Why RPA for Data Migrations?
Data migrations are a common activity in large and medium enterprises that are going through a merger, an acquisition, an implementation, a modernization effort, a retirement of a legacy system, an ERP upgrade, or a move to the Cloud. Whatever your business reasons to go through it, using Robotic Process Automation (RPA) for data migrations is a logical approach. This can be easily understood if you consider the nature of the data migration process itself.
In previous entries we have shared the ideal characteristics a process would need to have in order to be a good candidate for RPA but to sum it up, activities that are highly structured and rules-based, are what robots do best.
These two main characteristics align perfectly with the fundamental data migration methodology ETL (Extract, Transform, Load), making a great fit to use RPA for data migrations.
Uipath deepens into this by describing why each step of the methodology fits the profile:
- Extract Design: well-defined requirements for the manner in which data will be extracted, held, and verified.
- Transform: solution design rules guide data transformation for the targeted to-be data structure.
- Load: clearly defined steps dictate how extracted and transformed data is mapped into the target structure.
- Test and Recovery: specific unit and integration test plans, along with exit criteria, reporting, roll-back, and recovery procedures for every migration stage.
Additionally, since data migration often involves legacy systems that lack API access, thanks to its user interface (UI)-level integration using RPA for Data migrations, is a low-risk choice, by avoiding impacting underlying systems and databases.
Benefits of Using RPA for Data Migrations
By implementing RPA for data migration processes, you can expect the following results:
- Increase data migration speed. Multiple robots could be deployed to be migrating and validating continuously.
- Lower the cost of migration. Due to its simplicity using RPA for data migrations can lower the cost of the migration itself, as it doesn’t require coding or a specific UI.

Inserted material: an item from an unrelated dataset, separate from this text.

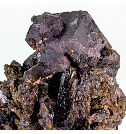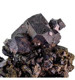 Melanite garnets, the largest measuring 2 cm, resting on a group of epidote crystals.

- Reduce error. By automating many of the intensive validation steps, RPA reduces human intervention and consequently human error.
- Integrate data from multiple systems. RPA can help to bring legacy data in line with RPA and data migration.
- Adding flexibility and scalability. Robots can handle multiple data formats, and create log files as required in a particular situation.
- Delivering Trackability. RPA has the capacity to track the migration process, identify data inconsistencies or low-quality data and faulty datasets, and rectify the errors in real-time.
Regardless of the triggers to migrate, leveraging RPA for data migrations can be a great ally to help the process be more accurate, fast, and simple.